For the first few months after the WDWRR opened to the public, Main Street, U.S.A. Station at the Magic Kingdom park's entrance, modeled after the former Victorian-style Saratoga Springs station in Saratoga Springs, New York, was the only stop for passengers along its route, making only complete round trips possible.[19][20][21] On May 1, 1972, the first Frontierland Station opened just northwest of Pecos Bill Tall Tale Inn and Café in the Frontierland section on the park's western edge.[22][23] It was one of the last changes made to the WDWRR prior to the retirement of Roger Broggie on October 1, 1973.[24] Frontierland Station was demolished in November 1990 to make way for the new Splash Mountain attraction and was replaced by the current Frontierland Station, which opened in December 1991 just north of the original station site.[25] During construction of the Splash Mountain attraction and the current Frontierland Station, the WDWRR was temporarily renamed Backtrack Express and operated a single train, which only traveled back and forth along the section of track between the Main Street, U.S.A. section and the Mickey's Starland section.[26] Between 1976 and 1977, the Auto-Train Corporation sponsored the WDWRR.[27]

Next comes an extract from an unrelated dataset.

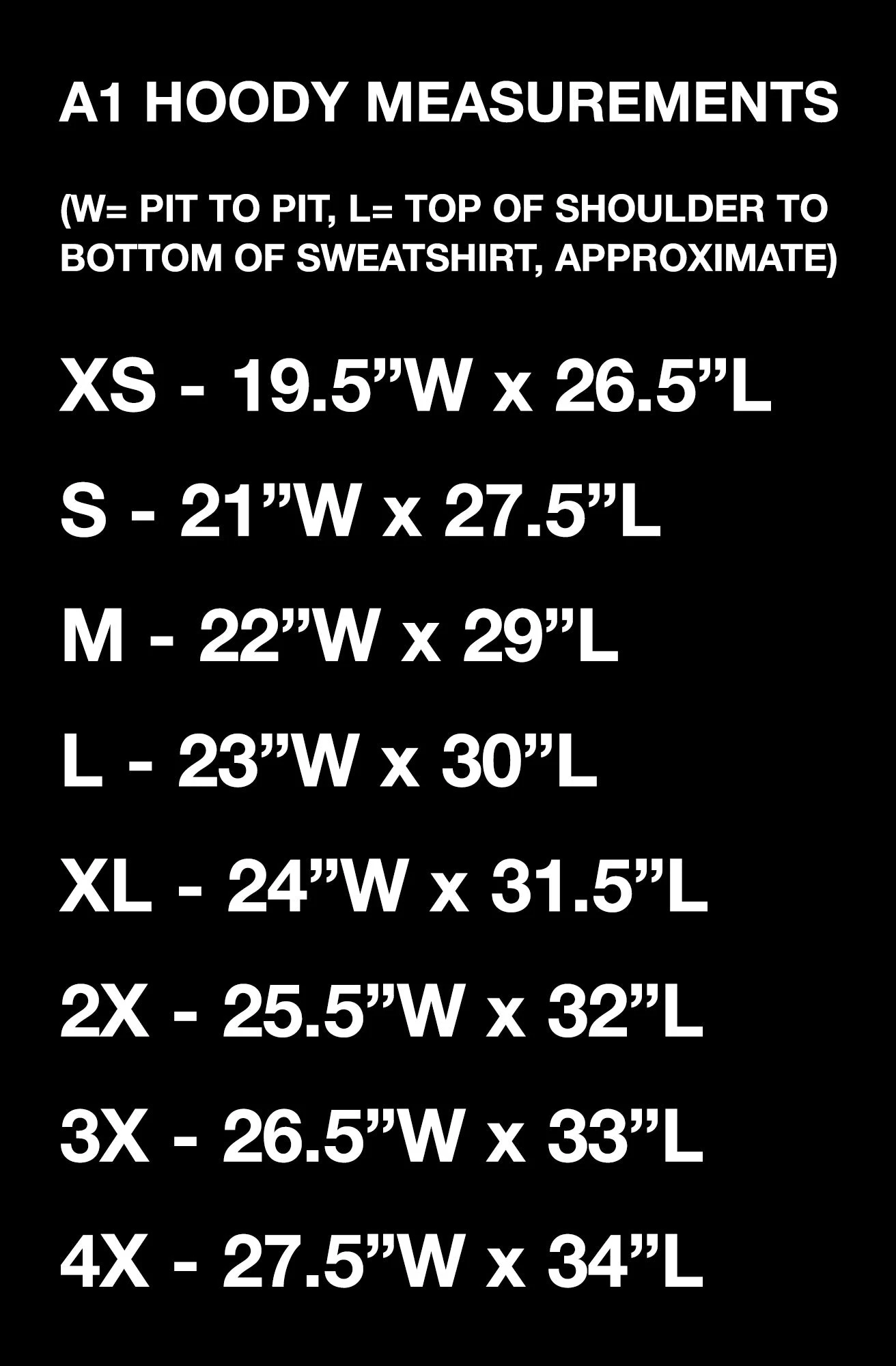 Please refer to the measurements product image for specific sizing information, as these differ from our standard hoodies.

The WDWRR's Mickey's Toontown Fair Station in 2008 prior to its transformation into Fantasyland Station in 2012

The WDWRR's third station, Mickey's Birthdayland Station, opened on June 18, 1988, in the Magic Kingdom park's brand-new Mickey's Birthdayland section adjacent to the Fantasyland section in the park's northeast corner, and the railroad was briefly renamed Mickey's Birthdayland Express to promote it.[28][29][30] When the Mickey's Birthdayland section was renamed Mickey's Starland in 1990 and Mickey's Toontown Fair in 1996, the signage for its WDWRR station changed both times, but the station's structure remained the same.[30][31] In 2004, the station was demolished and completely rebuilt with an identical appearance to the original station.[30][32] On February 11, 2011, the Mickey's Toontown Fair section closed to make way for the new Storybook Circus area, part of a new expansion of the Fantasyland section.[33] The current Fantasyland Station, built on the site of the former Mickey's Toontown Fair Station, opened on March 12, 2012.[34][35] In April 2012, the water tower and maintenance buildings adjacent to Fantasyland Station were re-themed to match the station's new design.[36]

The WDWRR temporarily closed on December 3, 2018, to accommodate construction of the Tron Lightcycle Power Run attraction in the Tomorrowland section.[37][38] During this time, one of the WDWRR's trains will be on display at Main Street, U.S.A. Station.[39]

Ride experience

The WDWRR's water tower at Fantasyland Station

Beginning at Main Street, U.S.A. Station adjacent to the Magic Kingdom park's entrance, the trains of the WDWRR travel along its single track in a clockwise direction on its circular route.[40] It takes about 20 minutes for each train to complete a round trip on the WDWRR's main line, and on any given day, either two or three trains run, with two running on a typical day.[41][42] Each train is operated by an engineer and fireman in the locomotive, as well as a conductor at the rear of the train who supervises the passengers.[43]

As the train departs Main Street, U.S.A. Station, it crosses an access road in the Adventureland section, travels over a small bridge, enters a small tunnel, then crosses a second access road in the Frontierland section.[44] After going through a tunnel through the Splash Mountain log flume attraction, the train stops at Frontierland Station.[45]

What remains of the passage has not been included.